Judgement debtors can thus now rest assured that emolument attachment orders may now only be issued and implemented against their salaries if a court of law has had proper judicial oversight, with other words, that the court had insight into the circumstances giving rise to the application for such an order and, more importantly, that the debtor will be able to afford the execution of such an order.

To gain some legal insight into the reasoning behind this judgement, three legal arguments were considered:

  1. Section 65J(2) provides for two avenues through which an emoluments attachment order may be issued: 1) by means of obtaining the debtor’s written consent thereto and 2) by authorisation of the court.
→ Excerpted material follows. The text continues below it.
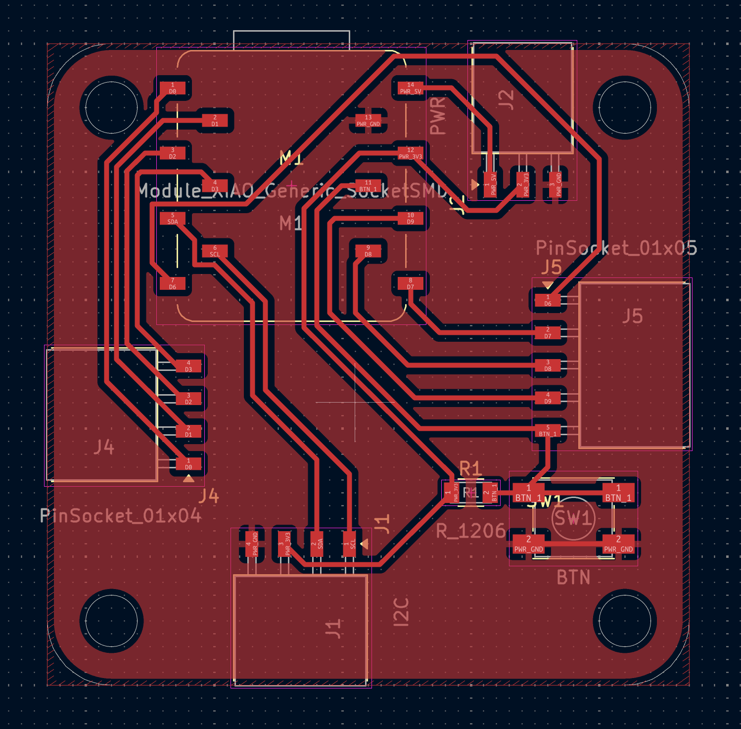 Building on Week 06's breakout board design for XIAO RP2040. Made the board square, with rounded corners, and only one button.

The conjunction “or” that separates these two methods makes it linguistically plain that an emoluments attachment order could have been obtained merely through the consent of the debtor, without an court authorisation and that such an issued “order” may be executed “as if it were a court judgement” in terms of section 65J(5). It is not difficult to imagine the abuse that a judicially unsanctioned method of execution will lead to when vulnerable, unsophisticated or illiterate debtors are involved;


  1. Cameron J wrote that by not insisting on judicial oversight debtors’ constitutional right of access to court may be limited and they may also be deprived of their protection against arbitrary deprivation of property in terms of section 25 of the Constitution. Judicial oversight over the whole emoluments attachment order process will definitely alleviate these harsh effects, especially on distinctly low-income debtors’ dignity and livelihood;


  1. The issuing of emoluments attachment orders by either the creditor or his or her attorney in terms section 65J(1)(a) is also inconsistent with the independence of the judiciary as court would effectively act according to the dictates of judgment debtors or their attorneys. Ultimately, the clerk of the court would have the power to issue these orders instead of the court itself as section 65J(2)(a) provides for the granting of emoluments attachment orders without any court authorisation in instances where the debtor has consented thereto in writing.

The western Cape High Court and Constitutional Court have duly stepped up to their public responsibility and now emolument attachment orders may only be issued by a court of law after due consideration of the facts and circumstances of the application.

In the past judgment debtors were clearly exposed to a legal loophole and in need of protection from the court rules itself. Stellenbosch’s Law Clinic should be applauded for their attention to detail and perseverance in protecting debtors’ rights across the country.

However, judicial oversight, as opposed to a mere court process, will add to further legal costs and possible delays for judgement creditors. We will have to wait and see how the courts will similarly protect the legal interests of judgement creditors, who is also entitled to access to courts and the recovery of their legal damages, when exercising their above judicial oversight.